MATERIAL FOR THIS TASK =>
---
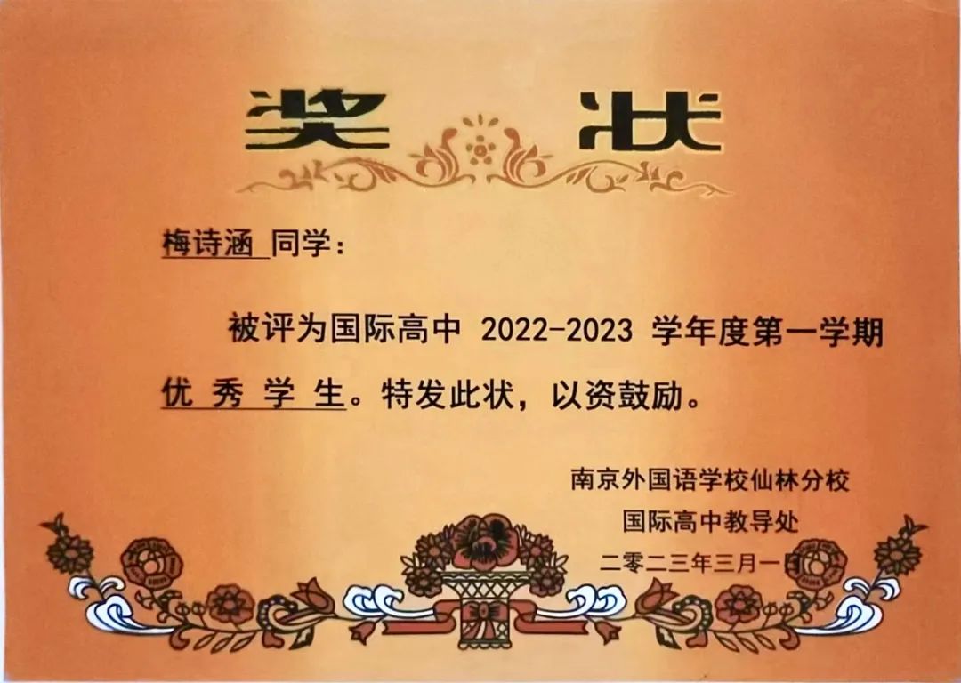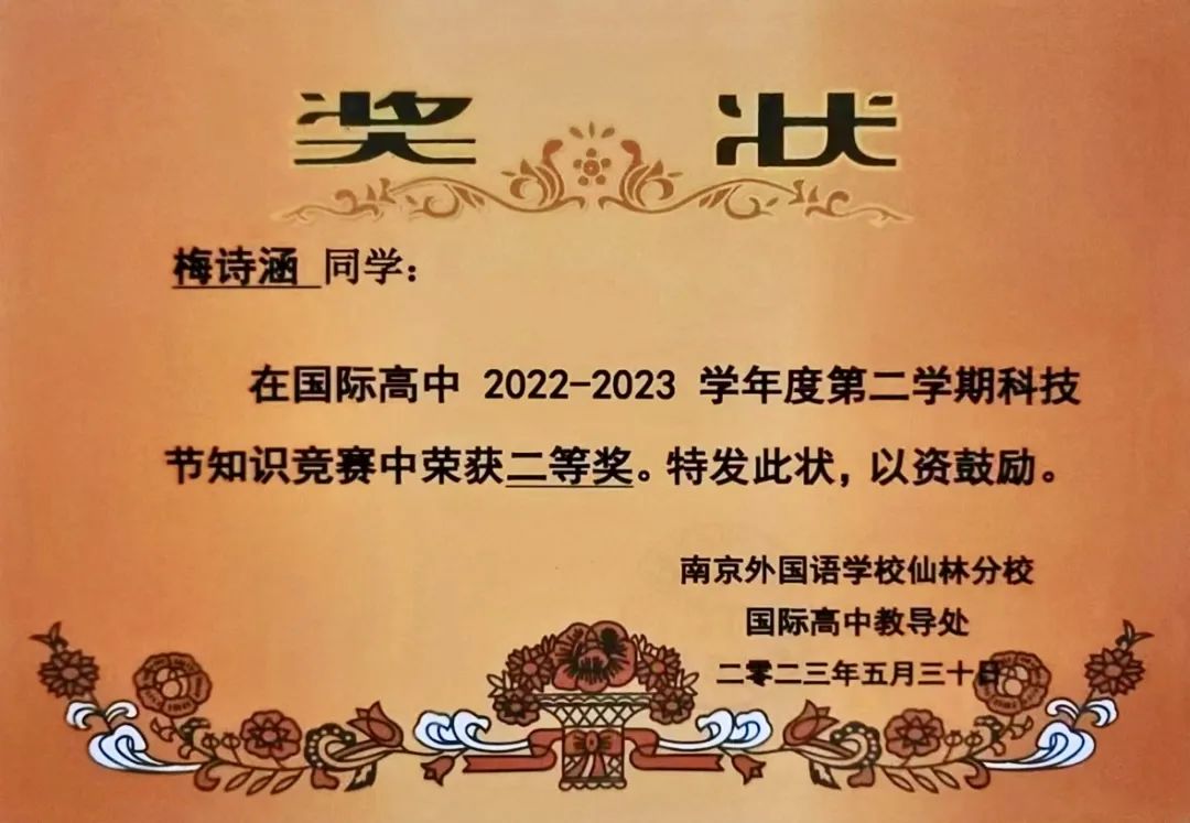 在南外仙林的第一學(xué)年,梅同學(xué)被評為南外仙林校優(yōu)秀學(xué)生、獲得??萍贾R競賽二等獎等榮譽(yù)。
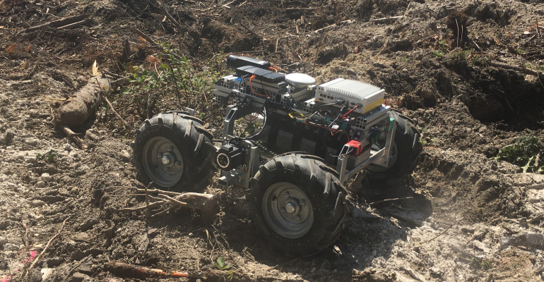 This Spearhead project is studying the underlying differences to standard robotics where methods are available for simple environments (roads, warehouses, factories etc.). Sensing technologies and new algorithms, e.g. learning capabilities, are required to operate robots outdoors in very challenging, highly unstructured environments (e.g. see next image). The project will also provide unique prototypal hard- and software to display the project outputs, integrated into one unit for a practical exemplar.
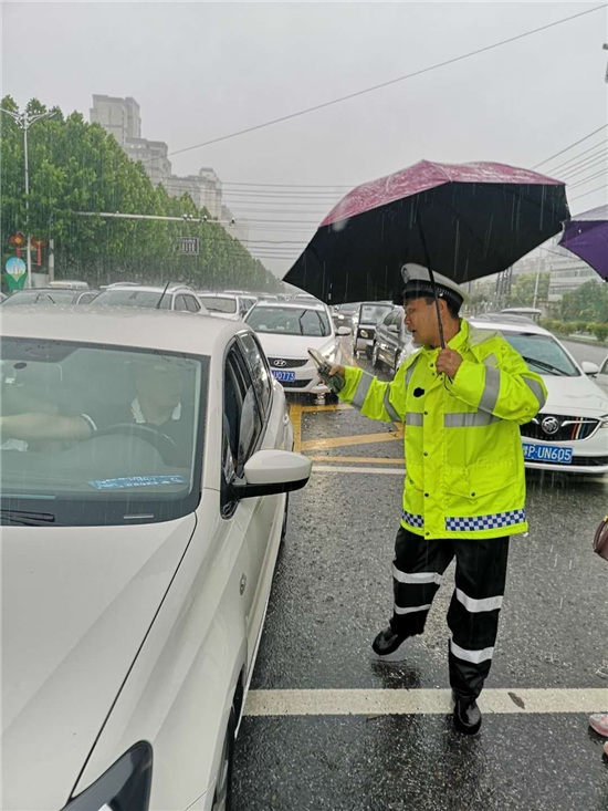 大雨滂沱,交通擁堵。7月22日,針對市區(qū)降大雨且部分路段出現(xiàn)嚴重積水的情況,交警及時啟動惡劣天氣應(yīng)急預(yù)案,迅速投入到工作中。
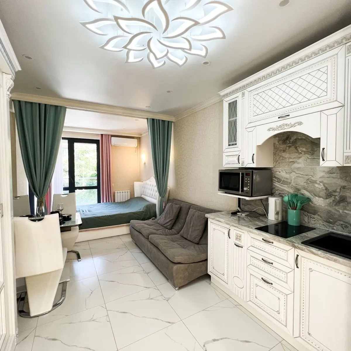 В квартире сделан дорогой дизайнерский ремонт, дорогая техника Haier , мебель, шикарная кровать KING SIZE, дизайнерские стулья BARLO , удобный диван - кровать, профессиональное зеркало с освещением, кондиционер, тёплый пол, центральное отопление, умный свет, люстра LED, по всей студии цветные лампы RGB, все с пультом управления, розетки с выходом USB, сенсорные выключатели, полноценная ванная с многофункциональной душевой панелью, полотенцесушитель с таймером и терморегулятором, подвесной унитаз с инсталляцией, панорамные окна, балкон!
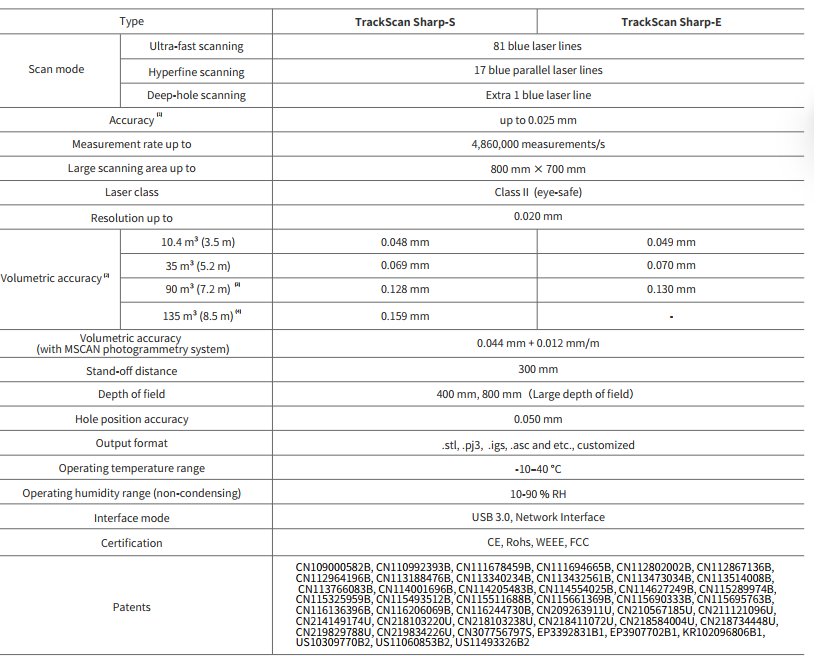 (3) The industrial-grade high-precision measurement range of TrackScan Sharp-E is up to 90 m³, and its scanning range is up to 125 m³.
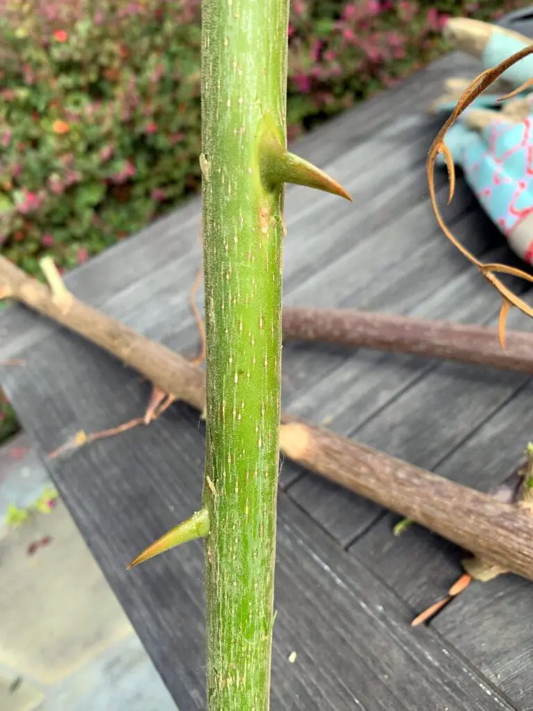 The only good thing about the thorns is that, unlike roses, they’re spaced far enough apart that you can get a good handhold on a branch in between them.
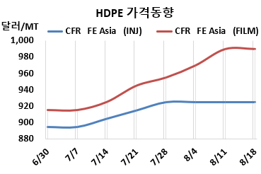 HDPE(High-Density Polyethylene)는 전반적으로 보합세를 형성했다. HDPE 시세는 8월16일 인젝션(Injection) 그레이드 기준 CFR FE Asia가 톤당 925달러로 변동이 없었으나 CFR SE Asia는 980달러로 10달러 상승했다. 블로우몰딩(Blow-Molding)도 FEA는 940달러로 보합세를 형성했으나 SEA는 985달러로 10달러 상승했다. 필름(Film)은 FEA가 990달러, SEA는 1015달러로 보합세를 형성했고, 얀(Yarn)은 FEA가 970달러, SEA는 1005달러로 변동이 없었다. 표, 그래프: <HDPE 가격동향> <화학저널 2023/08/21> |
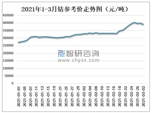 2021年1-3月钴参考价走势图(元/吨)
---
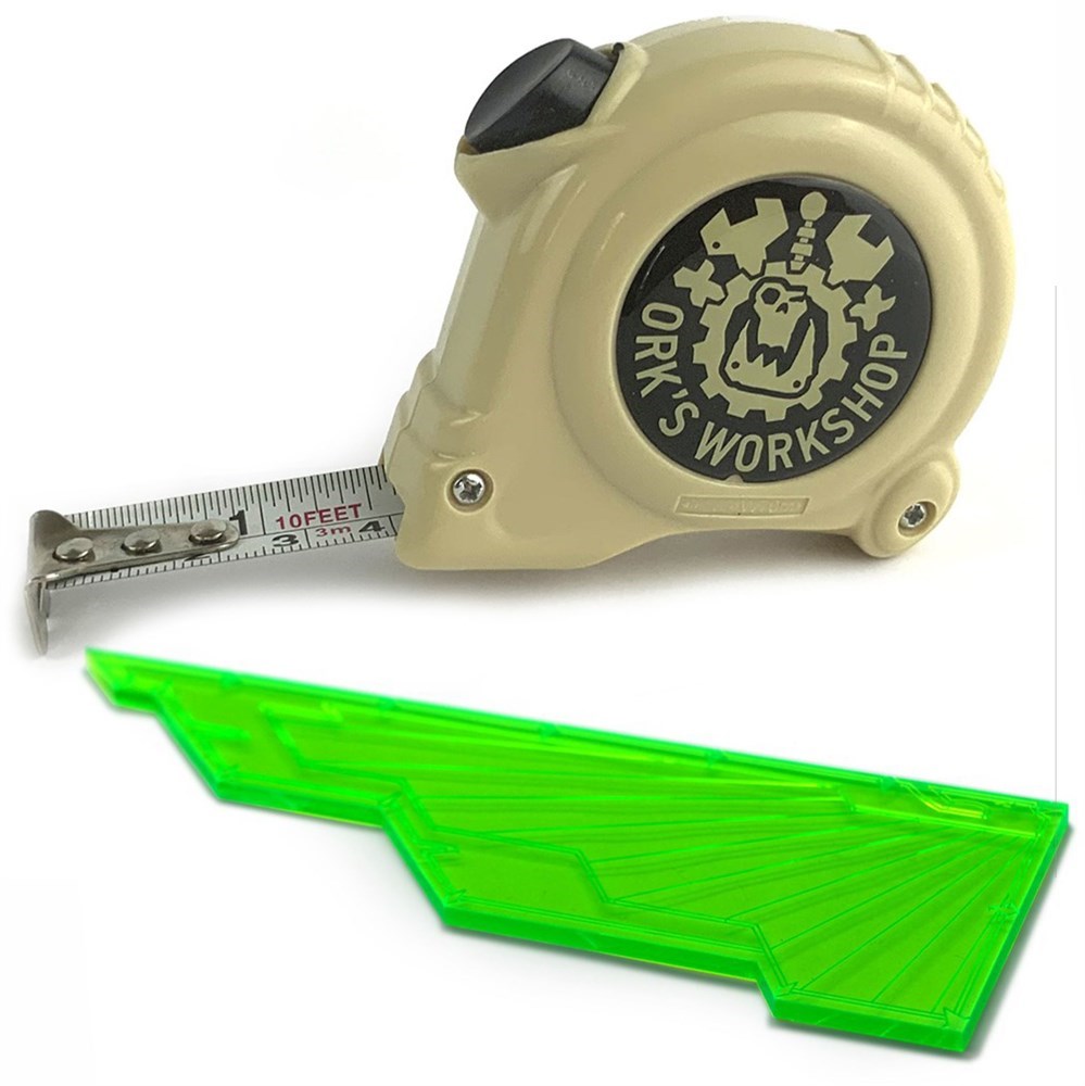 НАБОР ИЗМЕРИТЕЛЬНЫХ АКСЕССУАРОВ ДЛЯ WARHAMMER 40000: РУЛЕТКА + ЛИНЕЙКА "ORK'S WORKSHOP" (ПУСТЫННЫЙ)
---
EXERCISE =>
In the listing above, find the line containing "В квартире сделан" and the line containing "2021年1-3月钴参考价走势图(元/吨)", then output those two lines and everything between them exactly as written, without the images.

EXPECTED ANSWER =>
 В квартире сделан дорогой дизайнерский ремонт, дорогая техника Haier , мебель, шикарная кровать KING SIZE, дизайнерские стулья BARLO , удобный диван - кровать, профессиональное зеркало с освещением, кондиционер, тёплый пол, центральное отопление, умный свет, люстра LED, по всей студии цветные лампы RGB, все с пультом управления, розетки с выходом USB, сенсорные выключатели, полноценная ванная с многофункциональной душевой панелью, полотенцесушитель с таймером и терморегулятором, подвесной унитаз с инсталляцией, панорамные окна, балкон!
 (3) The industrial-grade high-precision measurement range of TrackScan Sharp-E is up to 90 m³, and its scanning range is up to 125 m³.
 The only good thing about the thorns is that, unlike roses, they’re spaced far enough apart that you can get a good handhold on a branch in between them.
 HDPE(High-Density Polyethylene)는 전반적으로 보합세를 형성했다. HDPE 시세는 8월16일 인젝션(Injection) 그레이드 기준 CFR FE Asia가 톤당 925달러로 변동이 없었으나 CFR SE Asia는 980달러로 10달러 상승했다. 블로우몰딩(Blow-Molding)도 FEA는 940달러로 보합세를 형성했으나 SEA는 985달러로 10달러 상승했다. 필름(Film)은 FEA가 990달러, SEA는 1015달러로 보합세를 형성했고, 얀(Yarn)은 FEA가 970달러, SEA는 1005달러로 변동이 없었다. 표, 그래프: <HDPE 가격동향> <화학저널 2023/08/21> |
 2021年1-3月钴参考价走势图(元/吨)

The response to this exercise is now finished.